Tutu’s idea of humanness, harmony and reconciliation stresses his rejection of the western idea that what is valuable about us as humans is our autonomy. “We are different so that we can know our need of one another, for no one is ultimately self-sufficient. The completely self-sufficient person would be sub-human,” he said.

Ubuntu was one of the major philosophies that were used in the Truth and Reconciliation Commission (TRC) framework. Mandela’s new democratically-elected government wanted to create a course of action that would serve as an example to the rest of the world. Legally, the TRC was based on the National Unity and Reconciliation Act (NURA) of 1995. The passage from the 1993 Interim Constitution Act states: “The adoption of this Constitution lays the secure foundation for the people of South Africa to transcend the divisions and strife of the past, which generated gross violations of human rights, the transgression of humanitarian principles in violent conflicts and a legacy of hatred, fear, guilt and revenge. These can now be addressed on the basis that there is a need for understanding but not for vengeance, a need for reparation but not retaliation, a need for Ubuntu but not for victimisation.”

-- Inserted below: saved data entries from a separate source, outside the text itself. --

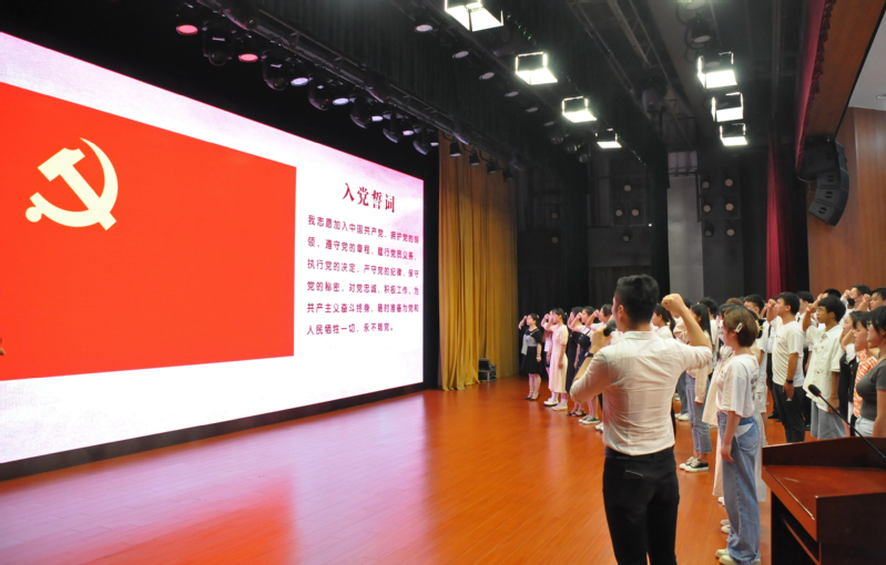 典礼最后,全体预备党员进行了庄严的入党宣誓。他们佩戴党员徽章,面向党旗,紧握右拳,庄严宣誓,表明自己对党忠诚、为党的事业奋斗终身的决心。(文/党政办公室 图/图文信息中心)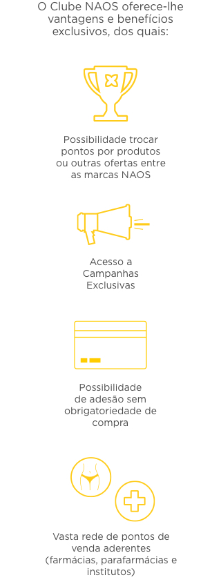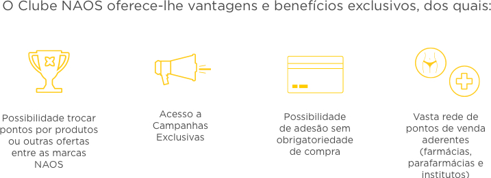 O Clube NAOS oferece-lhe várias vantagens: - As suas compras valem pontos que podem ser posteriormente usados para troca por produtos BIODERMA e ESTHEDERM, assim como troca por outras ofertas ou experiências disponíveis para rebate no clube. - Acesso a campanhas exclusivas para membros do clube NAOS. - Possibilidade de adesão ao clube, usufruindo de todas as suas vantagens mesmo sem efetuar uma primeira compra.
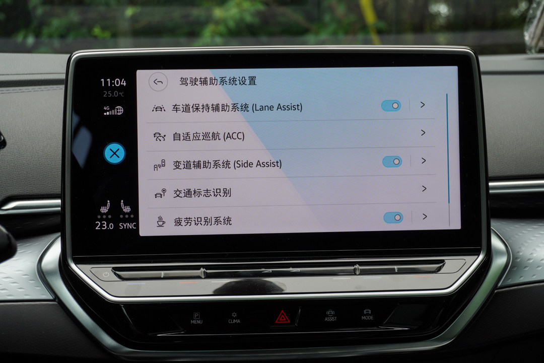 在自动驾驶辅助方面,ID.6 X还是展现出了它作为传统厂商产品的一面,与同级别越来越多车型支持领航驾驶不同,它只提供了L2级别的驾驶辅助,包括ACC自适应巡航、变道辅助、主动刹车、车道保持等功能。

The intention of the new democratic government was clear; Mandela’s objective was to make provision for restorative justice, instead of punitive justice, to unify South Africa. Tutu shared the same sentiments. All this is evidence that Ubuntu was at the heart of South Africa at its most sensitive time. The new Constitution and the Truth and Reconciliation Commission were the measures put in place to restore the country. The TRC’s main task was to unearth what the Apartheid government had done using its three main structures: the Human Rights Violations Committee, the Amnesty Committee and the Reparation and Rehabilitation Committee.

The positive connotations surrounding Ubuntu show us the extent to which it was really a need for South Africa in order to secure understanding and reparation. National unity is the most important principle that secures a successful government.

As we celebrate Mandela Day, we need to reflect and celebrate the legacy he left, a legacy of doing good when no one is looking, a spirit of consideration, humanness, brotherhood and respect.